The quick (er than me) will noticed that this means that the value of 9 in our earlier example will get written back as an 8 (or a value of 7 written as a 4). This is where the refinement pass comes in. I will explain this in a further article (ie when I get it working ).
My code for doing this looked something like the following:

iter->SetToStart();

int pixelPos                = 0;
while( pixelPos < size )
{
	int sign                    = bitStream.wdrBitStream[bit];
	bit++;

	int pixelDiff               = 0;
	int bitPos                  = 0;
	BitEncoding::Bit readBit    = BitEncoding::Bit_Zero;
	while( readBit < BitEncoding::Bit_Plus )
	{
		readBit = bitStream.wdrBitStream[bit];
		switch( readBit )
		{
		case BitEncoding::Bit_One:
			pixelDiff   |= readBit << bitPos;
		case BitEncoding::Bit_Zero:
			bitPos++;
			break;

		case BitEncoding::Bit_Minus:
		case BitEncoding::Bit_Plus:
			break;

		}
		bit++;
	}
	pixelDiff   |= 1 << bitPos;   // Always a 1 at the top end.

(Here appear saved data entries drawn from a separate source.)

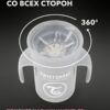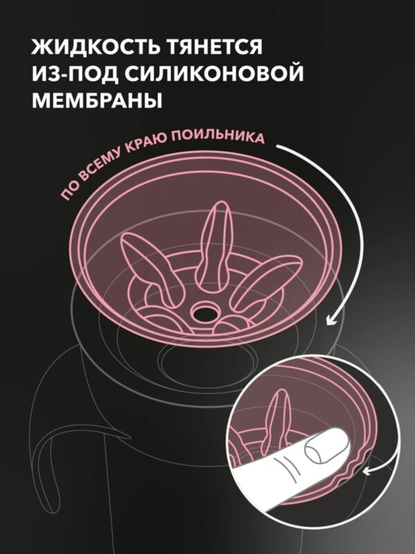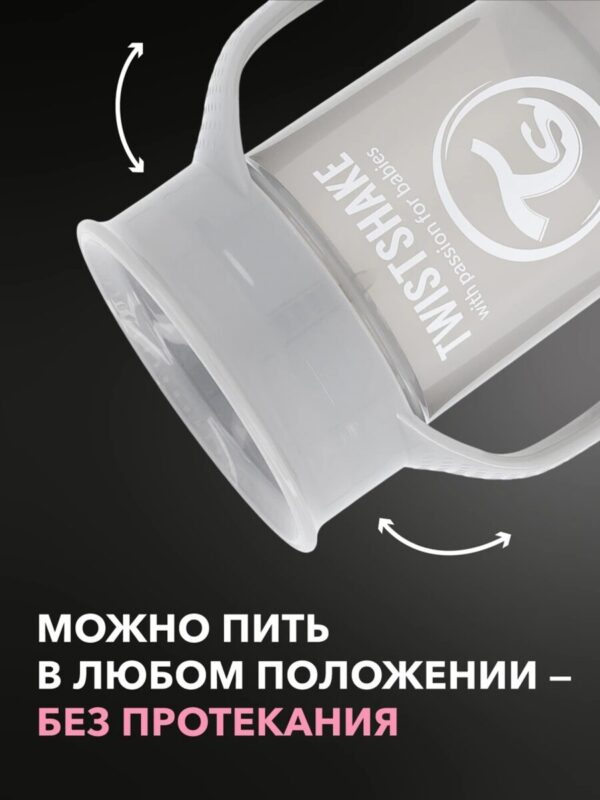 Благодаря системе 360° ребёнок может пить с любого края — жидкость равномерно распределяется под крышкой независимо от угла наклона, что помогает контролировать скорость потока и исключает внезапные проливания в период привыкания.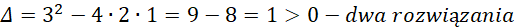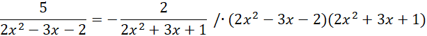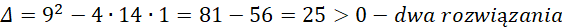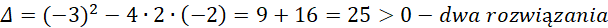 Zapisujemy założenia, a następnie rozwiązujemy je. Przemnażamy przez mianowniki i rozwiązujemy równanie równoważne, następnie porównujemy rozwiązania z założeniami i zapisujemy końcową odpowiedź.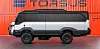 Inntil 35 seter, pluss bagasje, kunne man få plass til på grunnkonstruksjonen, som har nesten 40 centimeter bakkeklaring og kjører på enorme off road dekk fra Michelin.

	pixelPos    += (pixelDiff - 1);

	if ( pixelPos < size )
	{
		// Step forward through the iterator pixelPos times.
		uint32_t count  = 0;
		while( count < pixelDiff )           {               count++;               iter->Next();
		}

		const uint32_t writePos   = buffStart   + (iter->GetX() + iter->GetY() * pitch));
		planeOut.pixels[writePos] = (sign == BitEncoding::Bit_Plus) ? threshold : -threshold;

		bit--;
	}
}

Of course you can run the wavelet transform on the low-pass sub-image created from previous steps. This will give you something like the following:

Decompressing this image returns you to the following:

In this you can see some colour errors. I think this is caused by my lack of a refinement pass however its well worth noting the details on her hat brim and her boa. Both of these have returned and look good in the re-sized image.

Anyway … should anyone actually be reading my ramblings or have any questions then say hi in the comments!

Update:   I identified a bug whereby the software would get confused by a 0 and a 1 appearing in the WDR stream as both end up as the same value.  Zeros really shouldn’t be turning up so this has now been fixed.